• **Instructions to follow**:
The expected response is an exact repetition of every record, with images excluded.

_ _ _ _ _

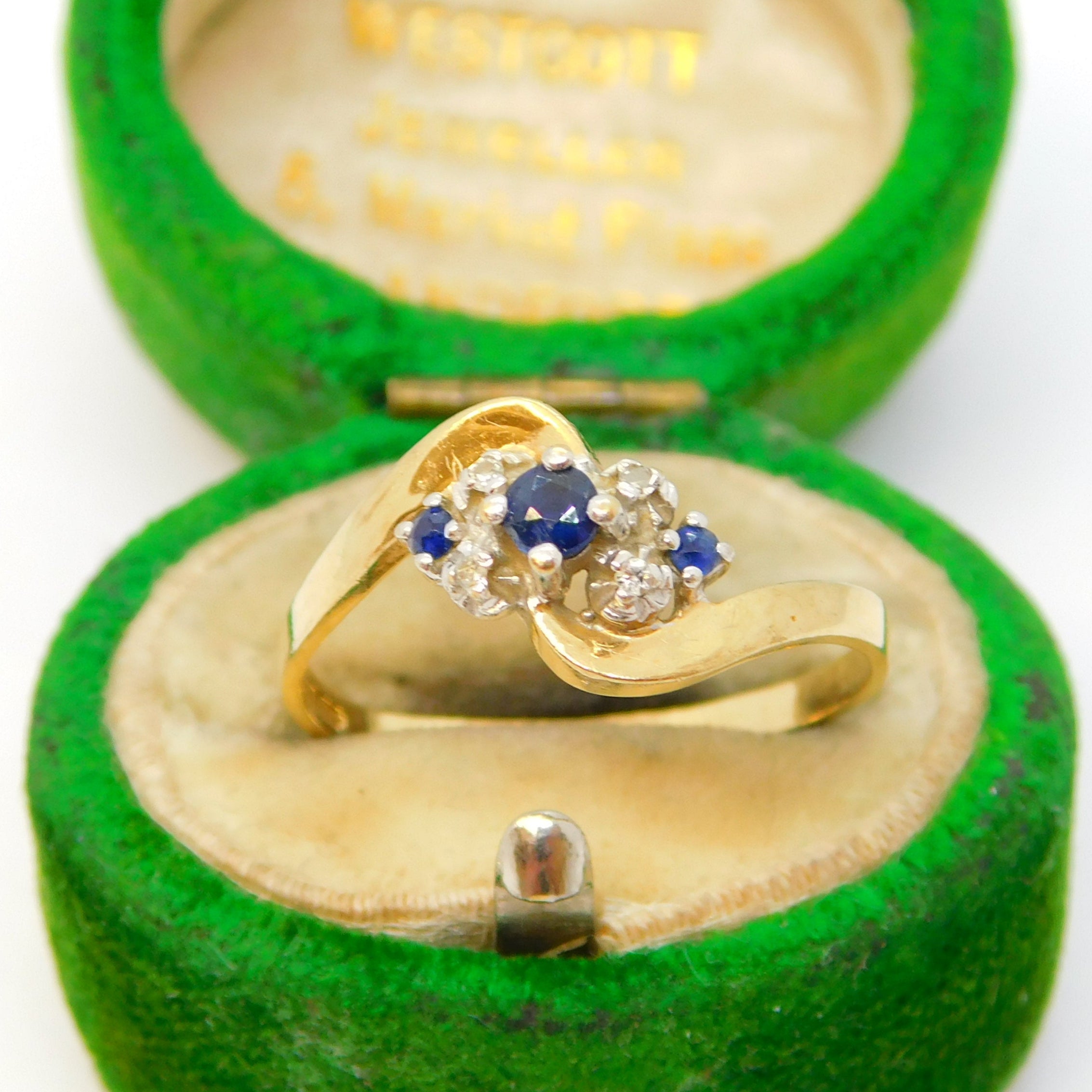 9ct Yellow Gold, Sapphire & Diamond Set Crossover Ring Vintage 1988 London
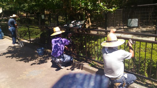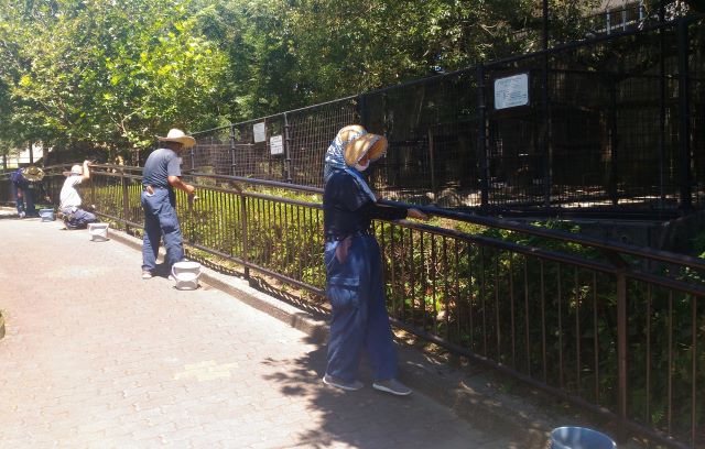 柵拭き下清掃は、ラマ周辺からトラ周辺までの柵拭きを行います。柵上清掃と違い手箒を使い柵の下についた砂を落とす工程があります。
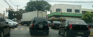 “Av. Irmãos Pereira, esquina com Santa Catarina. Caminhão transitando em horário impróprio para carga e descarga trava o transito de Campo Mourão”.
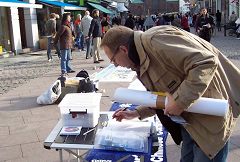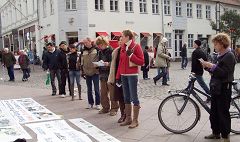 奥尔胡斯商业中心的小广场上,人来人往,人们的目光被声援活动所吸引,纷纷驻足观看。不少人拿了资料后当场就看起来。
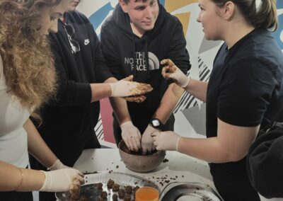 Učenici su aktivno sudjelovali u pripremi i provedbi radionica na temu pravilne prehrane i prevencije pretilosti na zanimljiv i interaktivan način. Jedna od radionica bila je i izrada zdravih kolačića, na kojoj su sudionici imali priliku naučiti kako pripremiti ukusne slastice koristeći prirodne i nutritivno bogate sastojke. Cilj je bio potaknuti međugeneracijsko i vršnjačko učenje, razvoj empatije te povezivanje mladih.
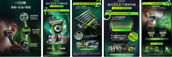 吉列極光刀精準地解決了手動剃須的幾大傳統痛點,例如貼合不足導致剃不凈、刀片鋒利度與舒適度難兼顧和皮膚敏感易受刺激等等。最終呈現給用戶的,是一種高效、徹底、舒適且富有格調的剃須體驗。

_ _ _ _ _

• **Final answer**:
 9ct Yellow Gold, Sapphire & Diamond Set Crossover Ring Vintage 1988 London
 柵拭き下清掃は、ラマ周辺からトラ周辺までの柵拭きを行います。柵上清掃と違い手箒を使い柵の下についた砂を落とす工程があります。
 “Av. Irmãos Pereira, esquina com Santa Catarina. Caminhão transitando em horário impróprio para carga e descarga trava o transito de Campo Mourão”.
 奥尔胡斯商业中心的小广场上,人来人往,人们的目光被声援活动所吸引,纷纷驻足观看。不少人拿了资料后当场就看起来。
 Učenici su aktivno sudjelovali u pripremi i provedbi radionica na temu pravilne prehrane i prevencije pretilosti na zanimljiv i interaktivan način. Jedna od radionica bila je i izrada zdravih kolačića, na kojoj su sudionici imali priliku naučiti kako pripremiti ukusne slastice koristeći prirodne i nutritivno bogate sastojke. Cilj je bio potaknuti međugeneracijsko i vršnjačko učenje, razvoj empatije te povezivanje mladih.
 吉列極光刀精準地解決了手動剃須的幾大傳統痛點,例如貼合不足導致剃不凈、刀片鋒利度與舒適度難兼顧和皮膚敏感易受刺激等等。最終呈現給用戶的,是一種高效、徹底、舒適且富有格調的剃須體驗。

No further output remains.